■ Dataset entries:
• • • • •
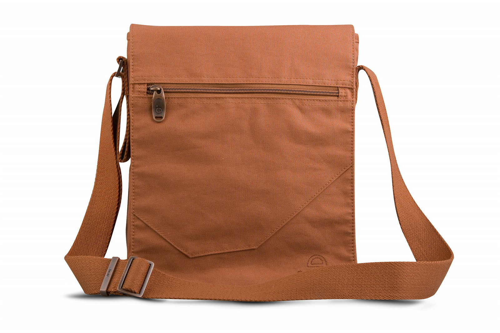 Obvious-ones are the quality thick canvas of rust color, the custom-cut panel on the flap and its aged copper looking metal hardware. Notice also the 45 degress angles of the bag, matching the shape of the flap perfectly. But looking more closely, you would notice the discreet "dot e" made of a single line embrodery on the flap, under which a double slip pocket awaits for accessories you want to keep at a reach of hand.
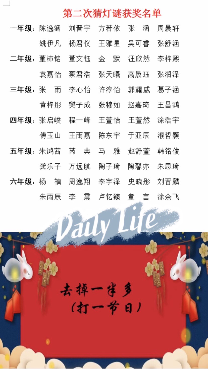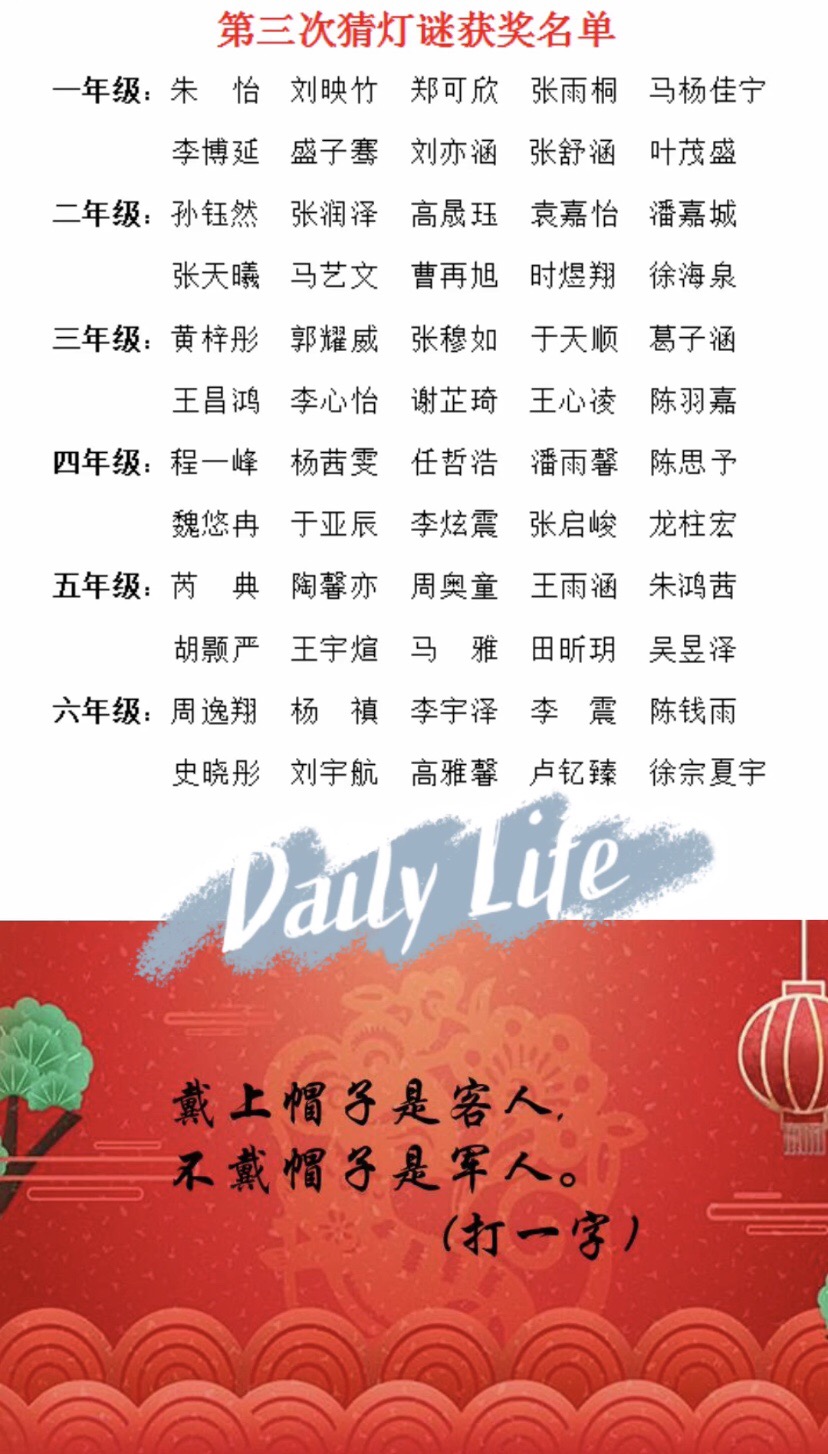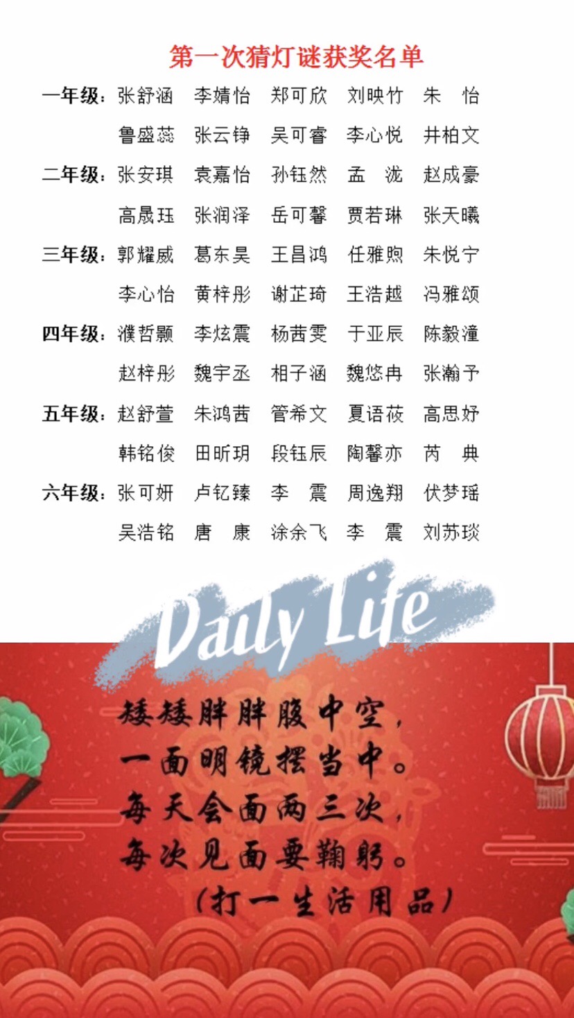 张校长也为全校同学准备了三条有趣的灯谜,每个年级最先回复正确的十名同学会获得抽奖机会,这可是拼脑力和手速的时刻啊!紧张又刺激的比赛之后,最激动人心的就是公布获奖结果啦!快睁大眼睛找一找,你是不是“最强大脑”!
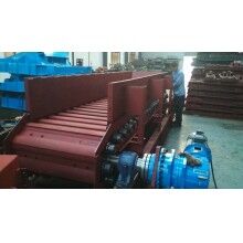 a 以0.02—0.12m/s速度運(yùn)轉(zhuǎn)為宜。切忌儲(chǔ)倉(cāng)內(nèi)物料空倉(cāng)。當(dāng)來(lái)料少時(shí),允許間歇操作。給料須均勻,避免大塊料沖砸槽體,而避免槽體的變形和板喂機(jī)的歪斜。
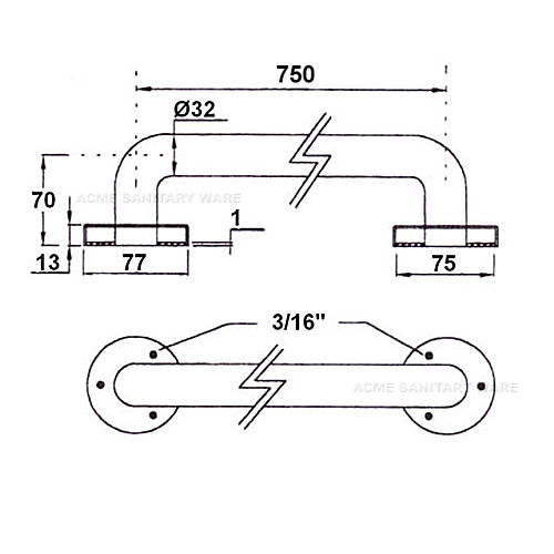 EMCA (PRC) Ø32 x 750mm long stainless steel 304 hinged support rail in Satin Finish; BS12:1978 & BS882:1973 capable of carrying a static loading test 150kg ; test report J17176 ; complied with Barrier Free Access 2008
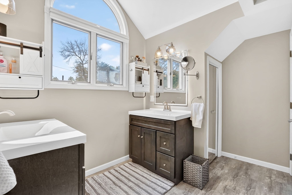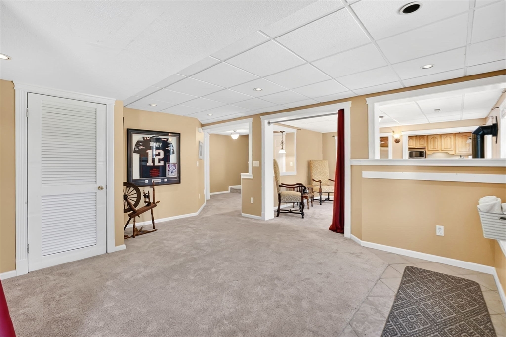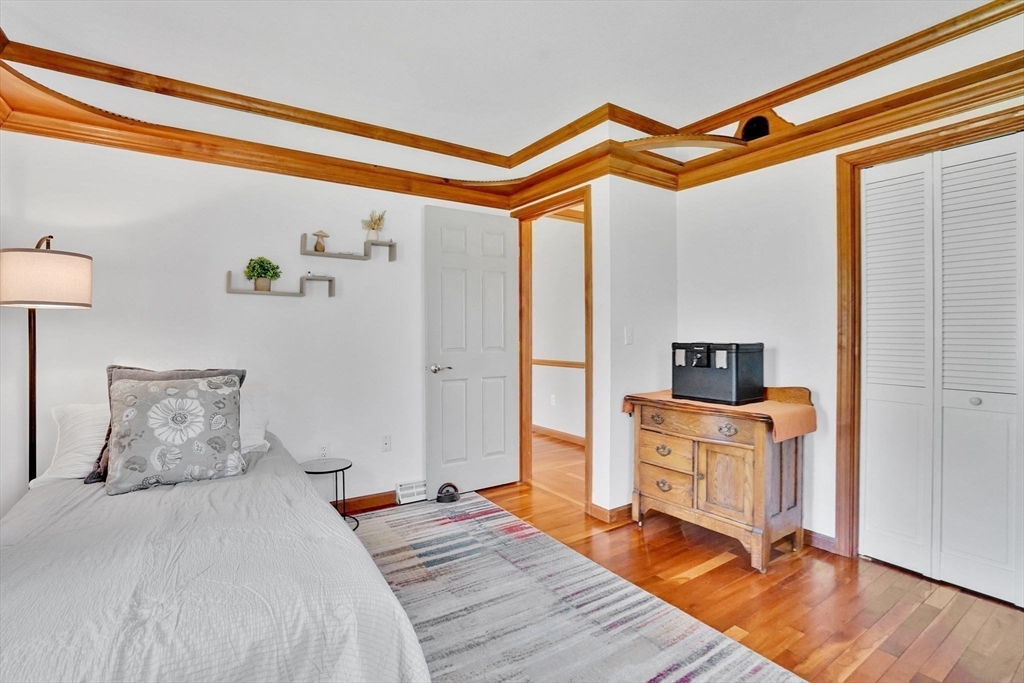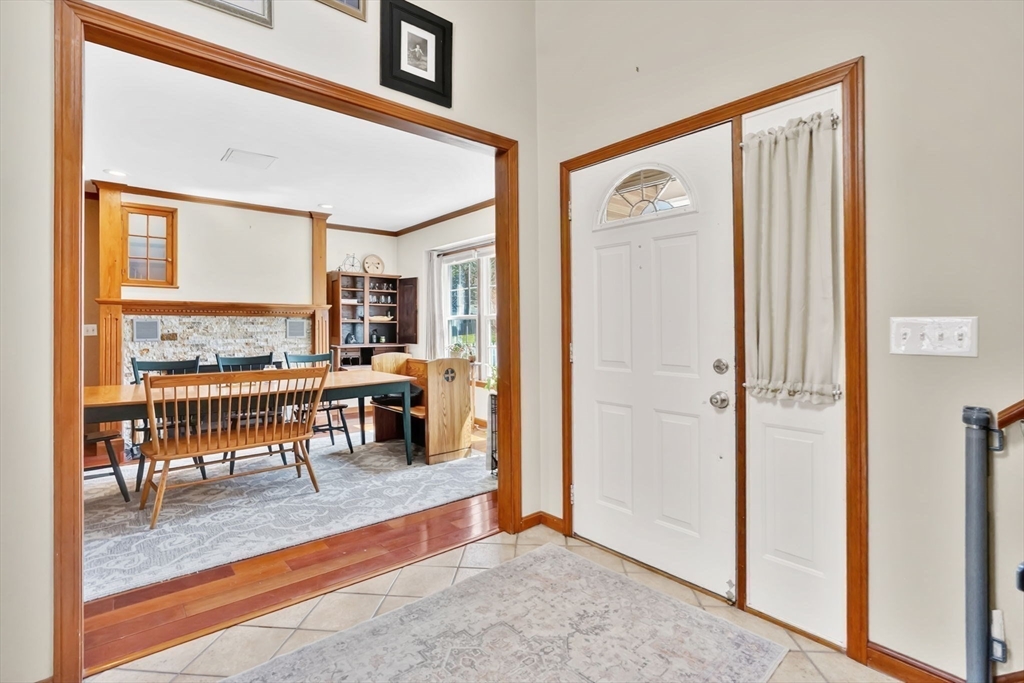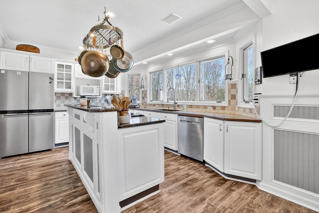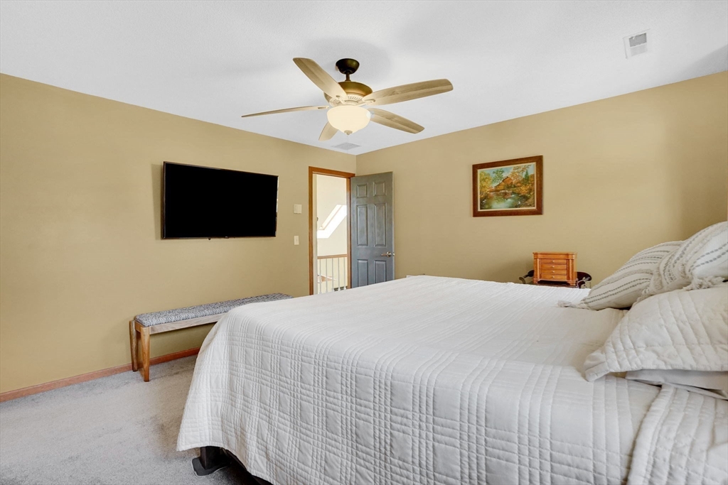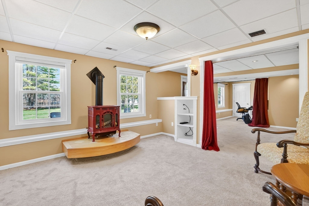Expect to be impressed...expansive custom built Contemporary Cape set on just over an acre lot with stunning views of Mill Pond!! Welcomed by soaring foyer flooding with natural light from the skylight that opens the floor to Rustic beamed Living Rm with vaulted ceiling & Dining Rm featuring cozy fireplace & wall of windows. Breathtaking views in the modern Eat-In Kitchen featuring SS Appliances with Gas Stove, RR lights, granite counters, Pantry, convenient Laundry Closet & access to cozy 3 Season Rm keeping you inspired by nature! Finishing off 1st level with Full Bath & 2 unique BRs 1 with operating Train, the other impresses with arch window. Upper level features primary suite w/ built-in side tables, walk-in closet & Full Bath with tiled Shower/ Double Sinks! Lower level showcases Great Rm centered by Gas Stove, open floor plan to Kitchenette/ Wet Bar, tons of storage, cozy office/ Guest RM & 3rd Full Bath! BONUS: Owned Solar, 2020 roof, 2nd Driveway with 16X12 additional garage!
• • • • •
Looking above, find the stretch of lines that opens with the one holding "张校长也为全校同学准备了三条" and closes with the one holding "a 以0.02—0.12m/". Copy it exactly, pictures excluded.

 张校长也为全校同学准备了三条有趣的灯谜,每个年级最先回复正确的十名同学会获得抽奖机会,这可是拼脑力和手速的时刻啊!紧张又刺激的比赛之后,最激动人心的就是公布获奖结果啦!快睁大眼睛找一找,你是不是“最强大脑”!
 a 以0.02—0.12m/s速度運(yùn)轉(zhuǎn)為宜。切忌儲(chǔ)倉(cāng)內(nèi)物料空倉(cāng)。當(dāng)來(lái)料少時(shí),允許間歇操作。給料須均勻,避免大塊料沖砸槽體,而避免槽體的變形和板喂機(jī)的歪斜。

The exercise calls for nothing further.